While initial parts were recorded on a four-track while Cross was still in Chicago, most of what she wrote in Texas was recorded in the early and late hours of the day, with loons cawing in the distance thanks to that bird sanctuary. Duszynski and the now LA-based Karon would convert and transform it all during the day while she worked, then presenting her with material that required even further sculpting. This process went on for months as drums, samples and other miscellaneous instruments were recorded, ripped apart, and placed carefully into the music alongside the additional vocals of a ladies choir (Julia Lucile, Liz Baker, Anna Milk and Sarah Duncan).

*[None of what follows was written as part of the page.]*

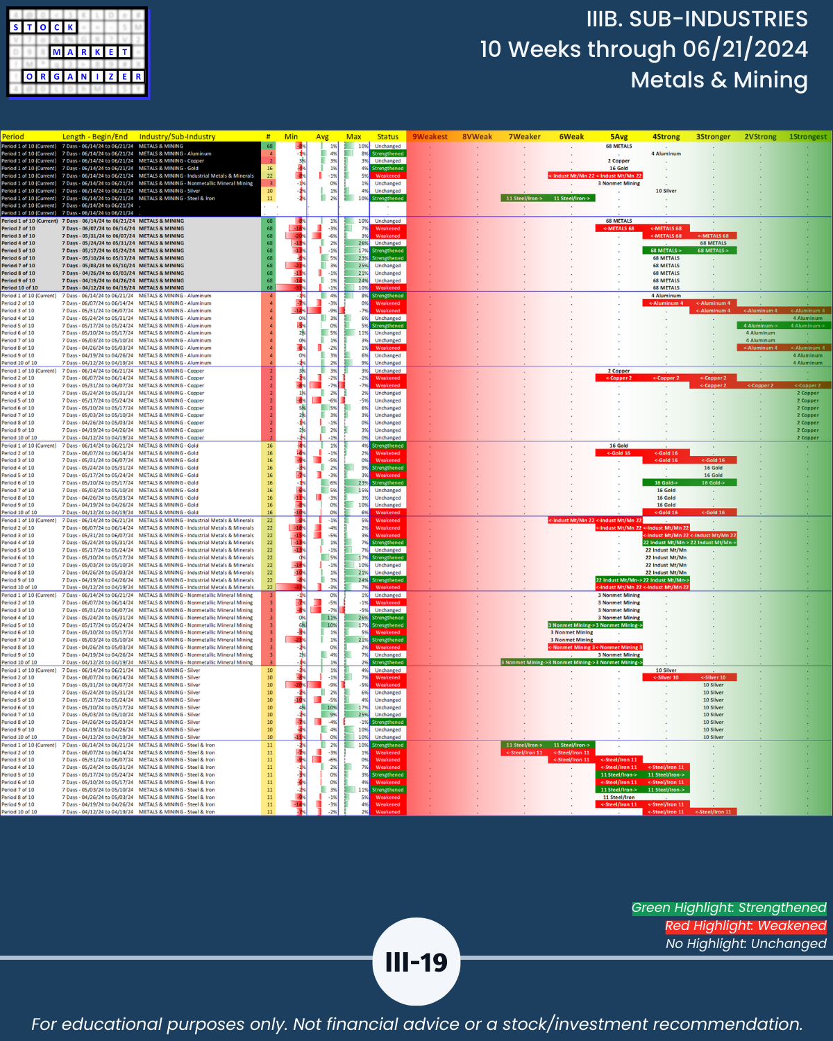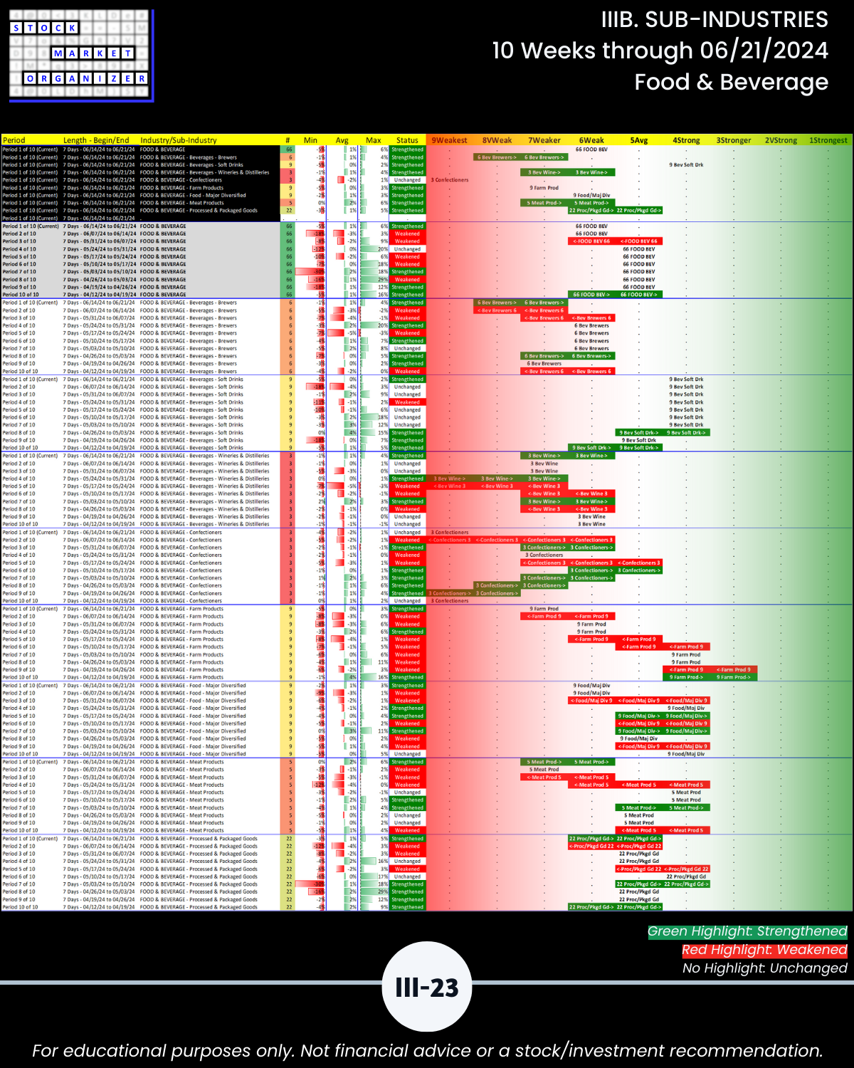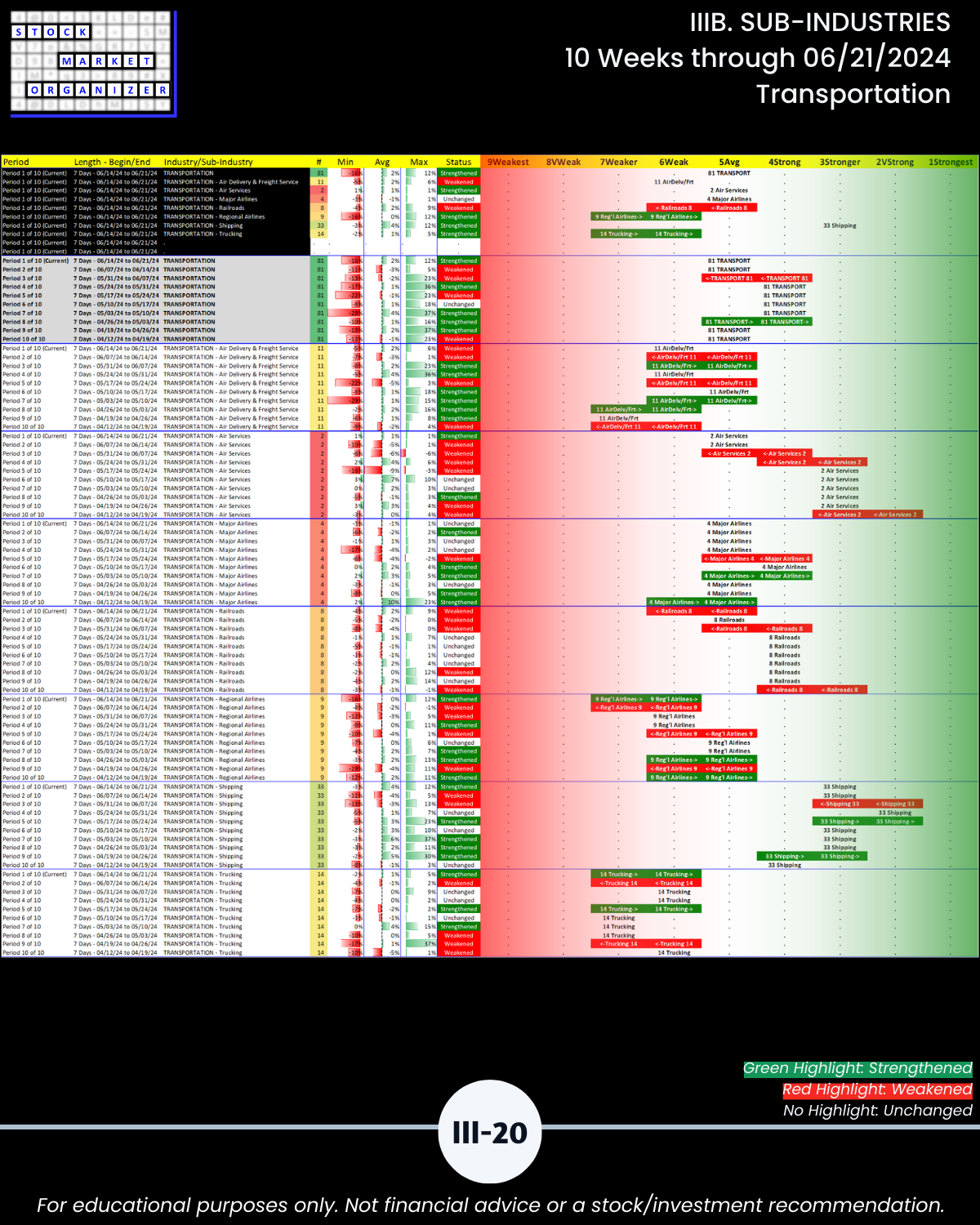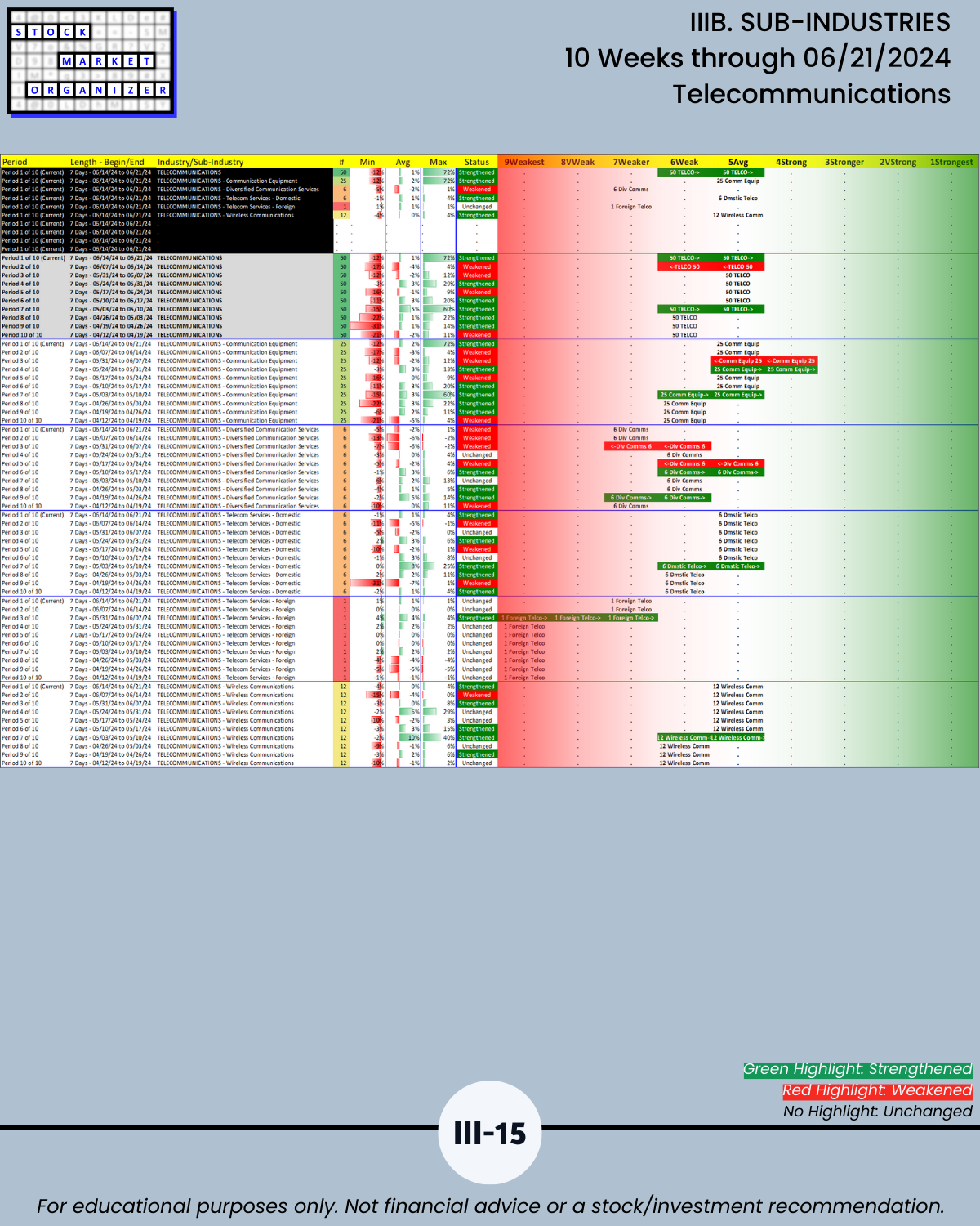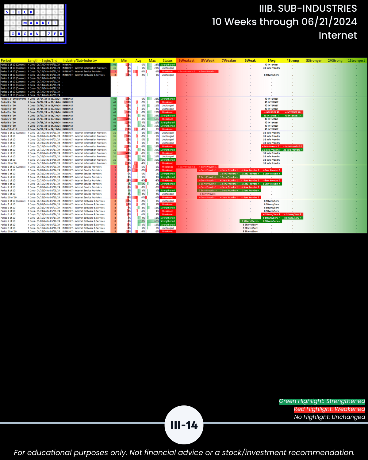 IIIB. SUB-INDUSTRIES 10-Week Strengthening/Weakening

The ambiance of those twilight evenings and orange dawns formed the heart and soul of Wabi-Sabi. The album contrasts Cross’ wispy, silvery singing and minimal presentation with the dark intensity of booming drums, thick guitar and destabilized electronics. It’s a record of dynamics and intensities, with lead single ‘Steady Waves’ seeing Cross’ gentle vocal unraveling as if from a spool, before descending into a heavy-hitting rhythmic stride. ‘High Rise’ is similarly tender throughout, but it also offers gloriously scratchy guitar lines and a distinct murkiness reminiscent of Grouper. ‘Basket’ showcases the eerier elements of Cross’ music, revealing the distinct potency in Cross’ softer side.

Her lyrics are often vivid and dreamlike, almost as if each word is another brushstroke in one of Cross’ paintings. It’s no wonder she’s into minimalist composer Steve Reich as well as artists Agnes Martin and David Hockney. “His [Hockney] paintings – there’s obviously some interaction going on, but they’re still. I mean, of course they are paintings, but even so, his work is kind of static”. The influences between Cross’ artistic and musical endeavors connect and resonate throughout much of Wabi-Sabi: a record that can be loud, stirring and unsettling, but also quietly still and serene. Ultimately, Wabi-Sabi is a bold, confident opening statement for 2016 that is sure to linger in minds for the months and year to come.